What’s the most challenging part about working on trails and interpretive signage? Ticks were a challenge for sure, but everything else was a blast. I learned so much this summer, and I would definitely do it again. 

Where do you want to go hiking next? I would love to explore some trails outside of the country. Backpacking in Europe is on my bucket list! 

Shayla Jennings, 2021 Trails & Outreach Intern

Why did you want to intern for Oak Heritage? I wanted to intern for Oak Heritage because I have heard wonderful things about the organization. In addition, I wanted to learn more about the environment as a whole because I envision myself as an environmental lawyer in the future, protecting the natural world. 

What’s your biggest lesson so far this summer? The biggest lesson that I have learned this summer is how important the environment is as a whole. I also learned that it is equally important to give back to nature, which is where humanity id lacking. I learned to respect and help nature, which will forever be grateful for. 

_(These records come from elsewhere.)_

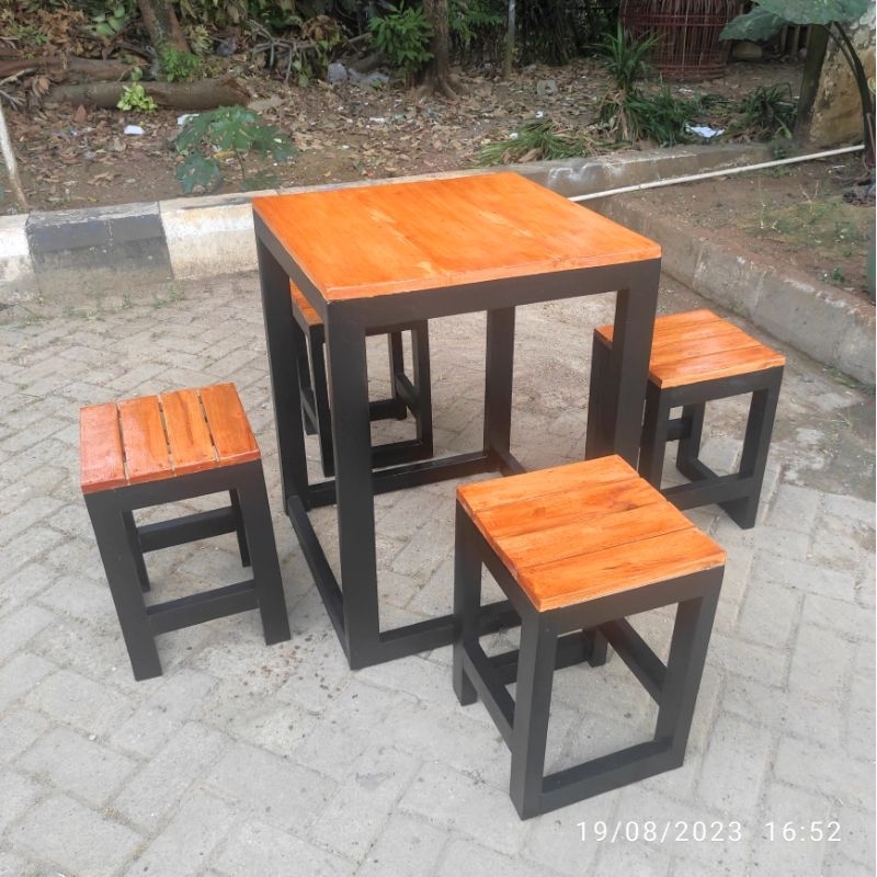 Meja Makan Set Cafe Resto Warung Bakso 1 meja + 4 kursi Type Cubic
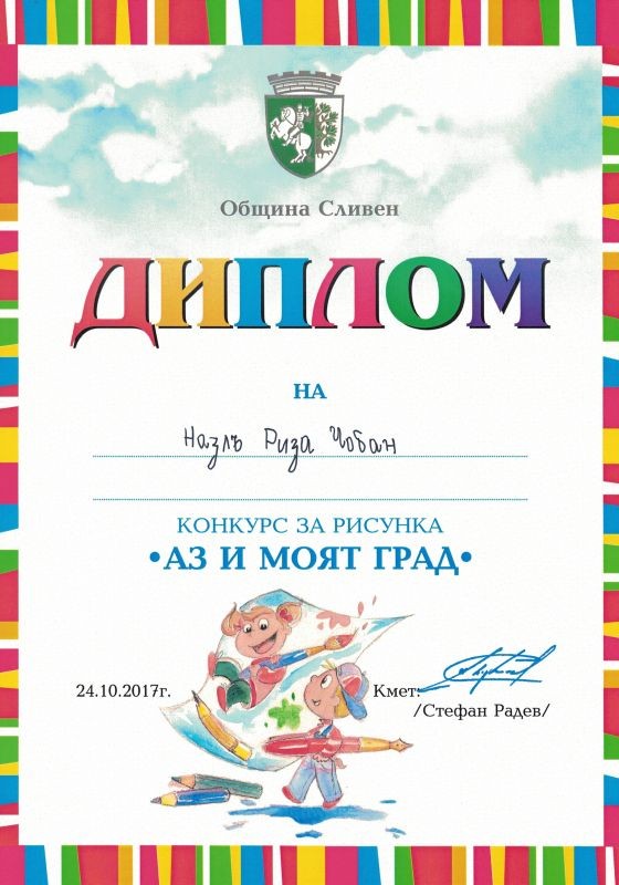 На тържествена церемония днес 24.10.2017 г. бяха наградени участниците в традиционния ученически конкурс за рисунка „Аз и моят град“. Наградите бяха връчени от заместник-кметът на община Сливен Пепа Чиликова и заместник-областният управител Димитринка Петкова.
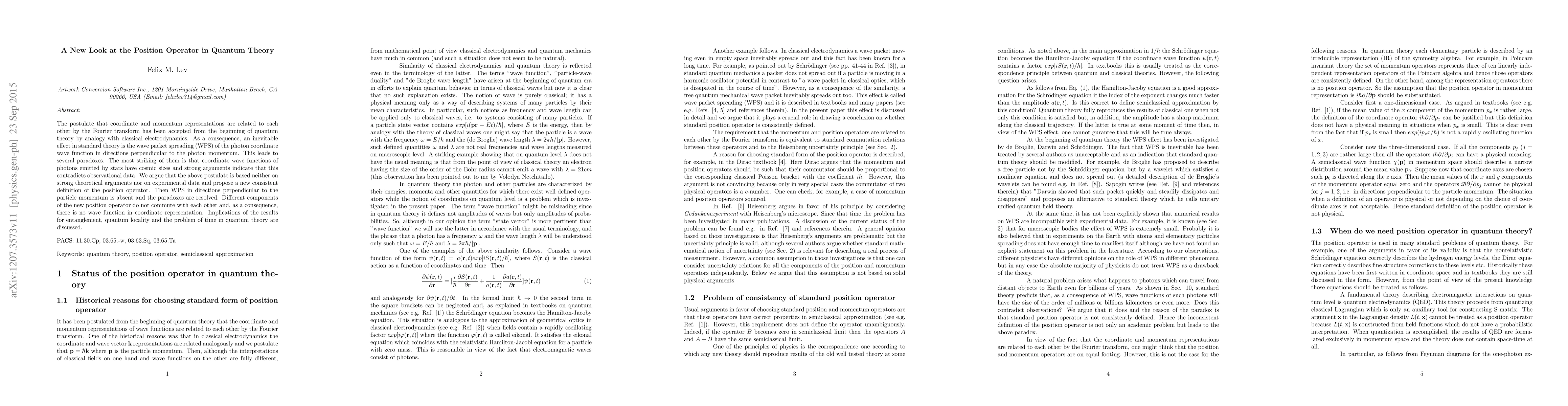 The postulate that coordinate and momentum representations are related to each other by the Fourier transform has been accepted from the beginning of quantum theory by analogy with classical electrodynamics. As a consequence, an inevitable effect in standard theory is the wave packet spreading (WPS) of the photon coordinate wave function in directions perpendicular to the photon momentum. This leads to several paradoxes. The most striking of them is that coordinate wave functions of photons emitted by stars have cosmic sizes and strong arguments indicate that this contradicts observational data. We argue that the above postulate is based neither on strong theoretical arguments nor on experimental data and propose a new consistent definition of the position operator. Then WPS in directions perpendicular to the particle momentum is absent and the paradoxes are resolved. Different components of the new position operator do not commute with each other and, as a consequence, there is no wave function in coordinate representation. Implications of the results for entanglement, quantum locality and the problem of time in quantum theory are discussed.
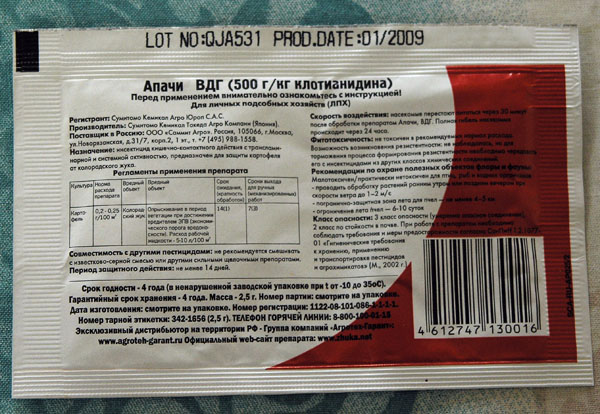 Чтобы защитить на личном приусадебном участке картофельные посадки площадью в 2 сотки от колорадского жука, необходимо пакетик Апачи, весом в 0,5 г развести в 1 л воды. Для обработки территории в 10 соток потребуются 5 пакетиков по 0,5 г или один 2,5-граммовый пакет на 5 л воды.
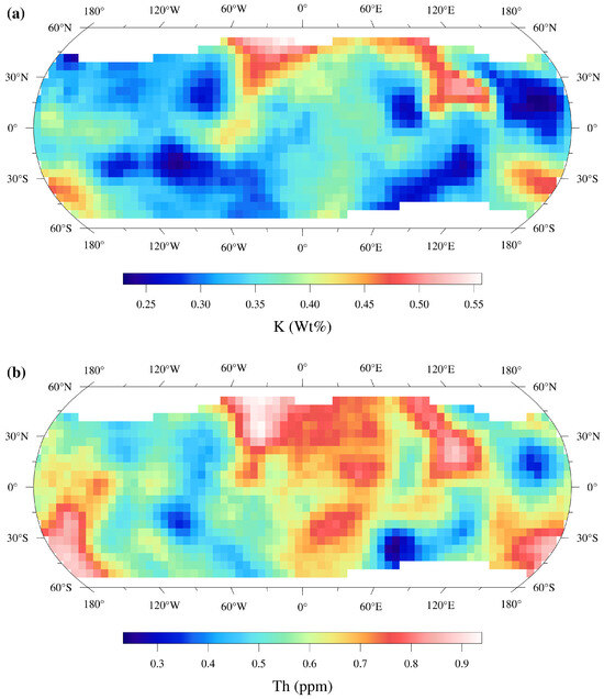 Global smoothed distribution maps of HPE abundances (K, Th and U) on Mars, illustrated with a 5° × 5° per pixel resolution. Base data of K and Th abundances are taken from Rani et al. [39], and the U abundance is calculated from a Th/U ratio of 3.8 [40,51].
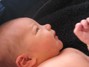 Sometime near dawn this morning, you gulped too much air and developed such a hearty case of the hiccups, the bed shook. I remembered you as an inside-baby, when your hics could send little earthquakes through my entire frame. I am still in awe of the you here with me, knowing you are the same you who floated and fluttered inside me all those months. When I run my finger down the string of beads making up your spine, I cannot believe I grew you. Flesh and bone, brain and body. You sprouted from that tiny germinated seed, and grew into you. Our Bug. Our son.
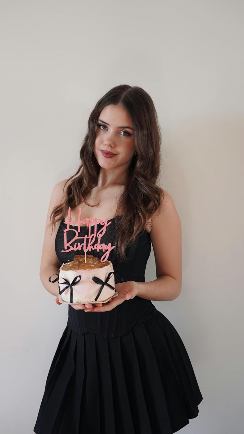 Happy Birthday Cake Topper - Glitter Pink Birthday Cake Top Decorations (Pink)
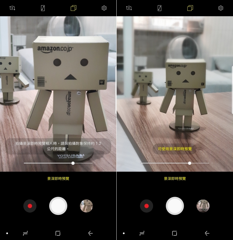 景深模式下必需和拍攝主體保持一定的距離才能啟用,雖然系統是建議 1.2 公尺,不過阿湯實際測試時,大約 50 公分也能啟用,主要還是看系統的判斷是否能使用。
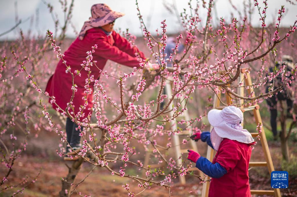 2月16日,在云南省文山市一處蜜桃基地,農民在疏花。
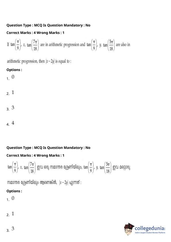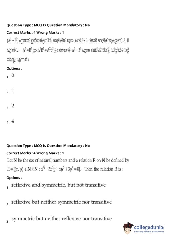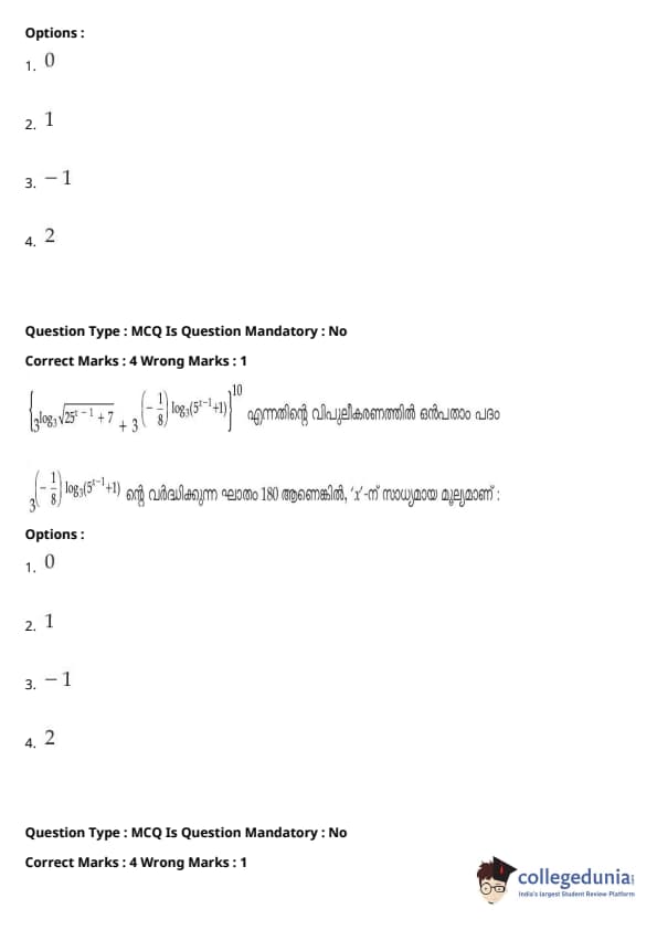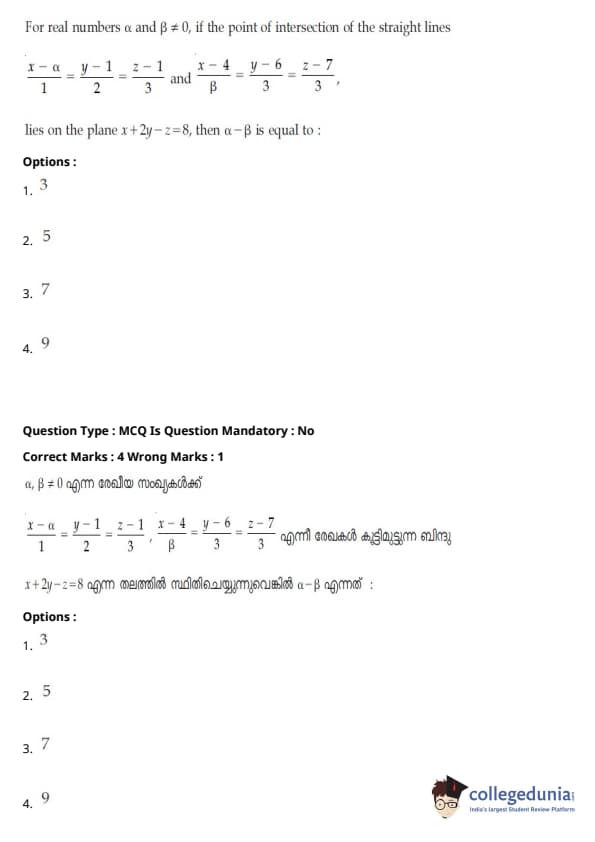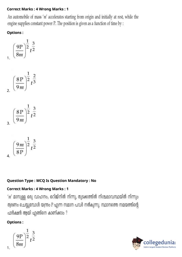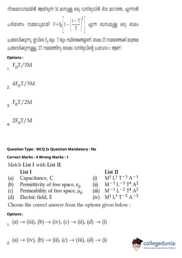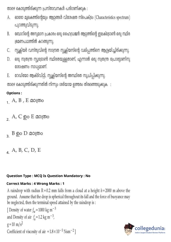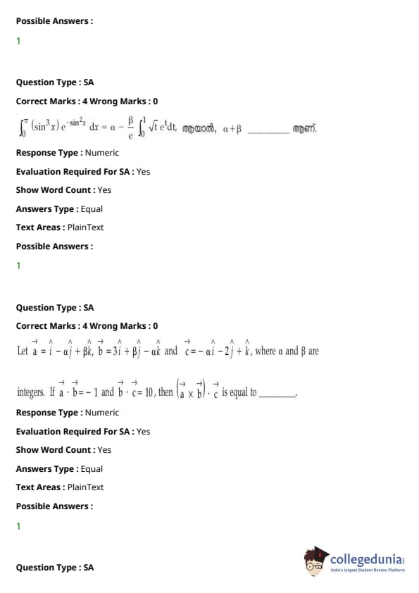 | JEE Main 2020 ചോദ്യപേപ്പർ | JEE Main 2019 ചോദ്യപേപ്പർ | JEE Main 2018 ചോദ്യപേപ്പർ |

What’s the most challenging part about working on trails and interpretive signage? The most challenging part about trail building and working on interpretive signage is how intense the labor can be. Trail building is hard but rewarding, there are instant results which makes it easier. The best time to trail build is in the summer because it tends to be the driest, however that also means working in extreme heat from time to time, and that was a hard challenge to overcome. Interpretive signage wasn’t as intense as manual labor, but it definitely is mentally stimulating. The amount of hours to create one sign was crazy, but in the end it was so worth it!

Where do you want to go hiking next?  My dream hiking destination would have to Yosemite National Park, but for now I will admire the google photos from the park (lol)!